The article by Lynch et al⁶ is also an important reminder that despite high burden and risk of adverse outcomes, typhoid remains an orphan disease. Although the disease continues to affect a large proportion of young children, typhoid is not a focus of either the tropical diseases research group or the child and adolescent health departments at the World Health Organization.¹⁸ In 2007, the vaccines and biological group reviewed the global burden and made a recommendation for school-based vaccination strategies for control.¹⁹ However, progress on the development of improved vaccines for typhoid, especially those that may reduce disease burden among young children, remains slow. For instance, even though evidence for the efficacy of Vi conjugate vaccine in young children has been available for a long time, development of the vaccine and combination vaccines effective against paratyphoid has lagged.²⁰

Typhoid remains a deadly disease in many developing countries and, as the article by Lynch et al⁶ clearly demonstrates, has the potential for worldwide spread, with considerable effects on the global burden of infection with gastrointestinal pathogens.
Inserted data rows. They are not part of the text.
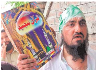
EJEMPLAR DEL LIBRO SAGRADO DEL ISLAM "EL CORÁN".

El pastor de Iglesia cristiana de Florida, Terry Jones, que amenazaba con quemar el libro del Corán el sábado para conmemorar los atentados del 11 de septiembre de 2001, desistió de su intención tras una fuerte presión internacional.
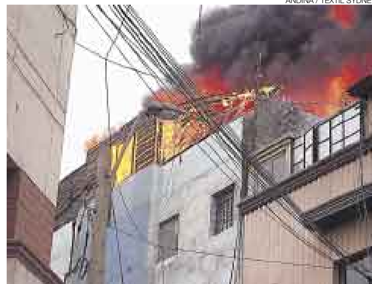
SOLO DAÑOS MATERIALES. El fuego, que se había iniciado por un corto circuito, no dejó víctimas, salvo una persona con señales de asfixia leve.
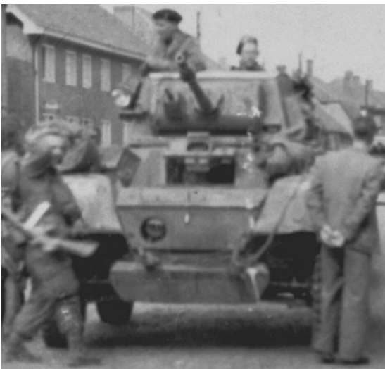
Palmer rijdt Eindhoven binnen

Tegen mij zei hij: "Als "Jerry"2) ons kan zien, rijden wij altijd heen en weer om het moeilijker voor hem te maken ons te raken. Zo'n pantserwagen is wel tegen geweeren licht mitrailleurvuur bestand, maar niet tegen kanonvuur.
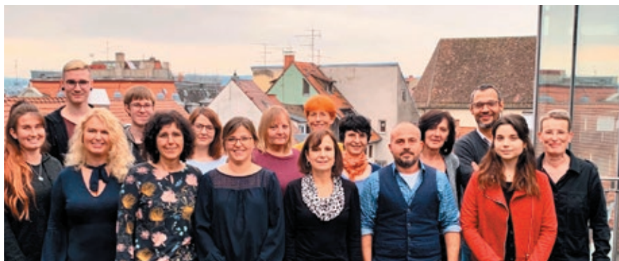
Das Team der Stadtbibliothek heißt Sie herzlich willkommen!
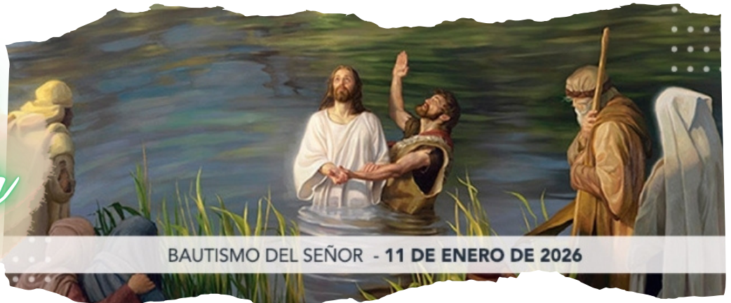
BAUTISMO DEL SEÑOR - 11 DE ENERO DE 2026

This, coupled with increasing reports of the emergence of multidrug-resistant nontyphoid salmonellas in vulnerable groups in many developing countries, particularly those in Africa and Southeast Asia, with infections often characterized by disease symptoms similar to those of typhoid,²¹ clearly illustrates the need for a global strategy of containment of Salmonella infection, linked, if possible, to vaccination and to the rational use of key antimicrobial drugs.